Ortiz, Esquivel y Maya: la cuestionada sucesión en la Corte / En la opinión de Jorge Carrasco Araizaga

Redacción MX Político.- Pese a los cuestionamientos que Andrés Manuel López Obrador ha recibido por el hecho de impulsar una terna de candidatas afines a Morena –Yasmín Esquivel Mossa, Loretta Ortiz Ahlf y Celia Maya García– para suplir a la ministra Margarita Luna Ramos en la Suprema Corte, una vez que el Senado se decida por cualquiera de ellas el mandatario tendrá la fuerza suficiente para configurar un Poder Judicial más proclive al Ejecutivo. En otras palabras, lo convertirá en una especie de aduana constitucional para sus proyectos de gobierno. 

Con la designación de la próxima ministra de la Suprema Corte de Justicia de la Nación (SCJN), que saldrá de entre sus aliadas en Morena y su proyecto de gobierno, el presidente Andrés Manuel López Obrador dará un paso más en la configuración de un Poder Judicial más cercano al Ejecutivo federal.

Los cambios en el máximo tribunal del país y en el Tribunal Electoral del Poder Judicial de la Federación (TEPJF) han despejado el camino al presidente de la República en su relación con el Poder Judicial de la Federación (PJF), aunque no ha dejado de mostrar su encono con jueces, magistrados y ministros.

La terna que presentó para sustituir a la ministra Margarita Luna Ramos a partir del martes 19 es el continuo de una serie de movimientos que el Ejecutivo ha logrado al interior del PJF, sobre todo en la Corte, que será la aduana constitucional para sus principales proyectos de gobierno, desde la reducción de los sueldos de los altos funcionarios hasta la creación de la Guardia Nacional, pasando por la creación de los llamados superdelegados estatales.

La designación del ministro Arturo Zaldívar como presidente de la Corte y la renuncia de la magistrada Janine Otálora Malassis como presidenta del TEPJF después de que votara por la validez de la elección en Puebla a favor del PAN enmarcan la llegada de quien será la nueva ministra. 

El Senado deberá decidir de entre las tres candidaturas presentadas por el presidente de la República, todas vinculadas a Morena o a su gestión gubernamental: la magistrada Yasmín Esquivel Mossa, presidenta del Tribunal de lo Contencioso Administrativo de la Ciudad de México, la académica Loretta Ortiz Ahlf y Celia Maya García, magistrada del Tribunal Superior de Justicia de Querétaro.

Las tres tienen una relación directa con el oficialismo.
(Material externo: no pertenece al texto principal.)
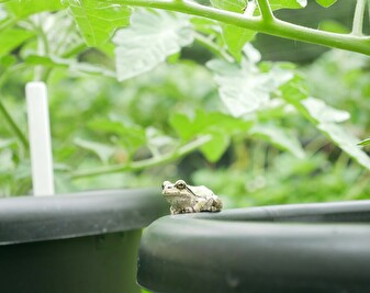 今回はビオトープや水路でたくさん見つけることができる生き物、「カエル」を紹介します。

Esquivel Mossa es la esposa del empresario José María Rioboó, un contratista cercano al presidente desde que éste fue jefe de Gobierno de la Ciudad de México, entre 2000 y 2005. 

Ortiz Ahlf fue integrante del equipo de transición y es esposa de José Agustín Ortiz Pinchetti, secretario de Gobierno de López Obrador en el gobierno de la capital, uno de los autores de la Constitución Moral del gobierno federal y recién nombrado titular de la Fiscalía Especializada para la Atención de Delitos Electorales (FEPADE). 

Maya García buscó la candidatura de Morena al Senado por Querétaro y antes fue candidata del PRD al gobierno de esa entidad.

Loretta Ortiz y Celia Maya también formaron parte de la primera terna presentada en diciembre pasado por el presidente López Obrador para ministro de la Suprema Corte. La designación recayó en Juan Luis González Alcántara Carrancá, cuyo primer acto como ministro de la SCJN fue favorecer la candidatura del ministro Arturo Zaldívar a la presidencia del máximo tribunal.

La defensa de AMLO

El lunes 4, el presidente López Obrador salió en defensa de su segunda terna para la SCJN. Ante las críticas por la estrecha cercanía de las candidatas, el presidente dijo que no hay ningún impedimento para que miembros de su partido, Morena, puedan ser postulados.

En efecto, en los requisitos establecidos en la Constitución para ser ministro no se condiciona la militancia o cercanía política con el presidente, pero López Obrador y el coordinador de la bancada de Morena en el Senado, Ricardo Monreal, han expresado severas críticas al funcionamiento del PJF. El senador y exgobernador de Zacatecas incluso ha propuesto iniciativas para reformar ese poder; entre ellas la rotación de los jueces y ministros, y el mecanismo de designación de los integrantes del Consejo de la Judicatura Federal (CJF), encargado de vigilar y administrar a los tribunales federales.

En la misma conferencia de prensa en la que defendió su segunda terna para la Suprema Corte el jefe del Ejecutivo federal advirtió que durante su gobierno “por lo menos” va a denunciar al juez, magistrado (y) ministro que proteja a un delincuente de cuello blanco que solape un acto de corrupción”.

López Obrador dio ese mensaje después de que le atribuyera a su gobierno haber detenido una millonaria devolución de impuestos a exaccionistas del Grupo Modelo. Según el presidente, la Consejería Jurídica de la Presidencia de la República y el Servicio de Administración Tributaria intervinieron para modificar un proyecto en la SCJN y evitar que Hacienda retornara 35 mil millones de pesos por la venta de acciones del grupo cervecero.

López Obrador siguió en su arremetida en torno al PJF: “Nada de que me voy a quedar callado. Una cosa es el respeto a otro poder y otra cosa es que sabiendo que hubo una transa me quede yo callado, porque no voy a ser cómplice”. Y remató: “El pueblo se cansa de tanta pinche transa. Para que quede claro”.

El presidente de la SCJN, el ministro Arturo Zaldívar, prefirió evitar el tema. Al día siguiente del embate presidencial, durante la ceremonia por el 102 Aniversario de la Constitución Mexicana, pronunció un discurso que estuvo en la misma línea del proyecto social de López Obrador.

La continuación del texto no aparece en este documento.